Most corporate knowledge systems have an expiration date problem. You write the doc, it's perfect for two weeks, then reality shifts and nobody updates it. Meanwhile, the actual decisions, the real context, the stuff that matters gets discussed in meetings that vanish into the void the moment they end.

Otter's CEO Sam Liang frames this as the fundamental knowledge management problem: documents become obsolete fast, updates happen in meetings, and research shows white-collar workers spend huge chunks of time in those meetings. But meeting knowledge traditionally stays locked in individual accounts or never gets captured systematically at all.

"People create documents, but documents become obsolete really fast."

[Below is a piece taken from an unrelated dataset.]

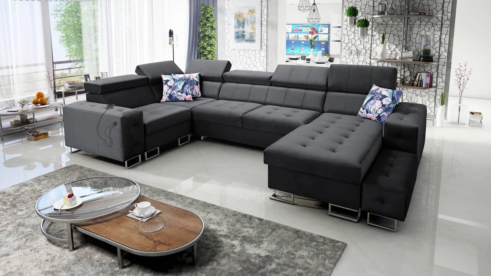 Narożnik Hampton IV w kolorze czarnym z regulowanymi zagłówkami to elegancki mebel, który świetnie dopasuje się do każdej aranżacji w Twoim domu.
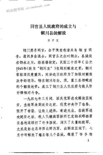 | 网盘路径:/时光图书馆珍藏系列/书籍文件/老图书/《铜川文史资料选辑_第1辑》电子版合集.db | ||

The new Otter features attack this from three angles:

  • Cross-platform integration with Google Drive, Jira, Salesforce, and Notion for pulling live data
  • MCP support so other AI agents can query Otter's meeting database
  • Enhanced chat that lets users specify which meetings to search and combine meeting insights with other data sources

The MCP piece is where this gets interesting for the agent economy. Model Context Protocol is becoming the standard way for AI systems to share context. By supporting it, Otter isn't just building a better meeting tool. It's positioning meeting transcripts as a queryable data layer that any compliant AI agent can access.

Think about what that enables. An AI agent working on a sales proposal could query relevant customer meetings, pull the latest pricing discussion from last week's product sync, and cross-reference both against live Salesforce data. All without a human manually digging through transcripts or Slack threads.

The company already has what it calls channels—essentially shared repositories for meeting transcripts from specific teams or projects. This new functionality turns those channels into something closer to living databases that update themselves every time someone talks.

The Implication

If you're building AI agents for enterprise work, meeting transcripts are no longer just nice-to-have context. They're becoming required infrastructure. The actual state of a company's decisions, priorities, and knowledge increasingly lives in conversations, not documents.

For companies, this creates a forcing function. Do you let AI systems access meeting data broadly, or keep it siloed? The permission question isn't technical anymore. It's cultural. And it's going to surface fast once agents start asking for access to conversations they weren't invited to.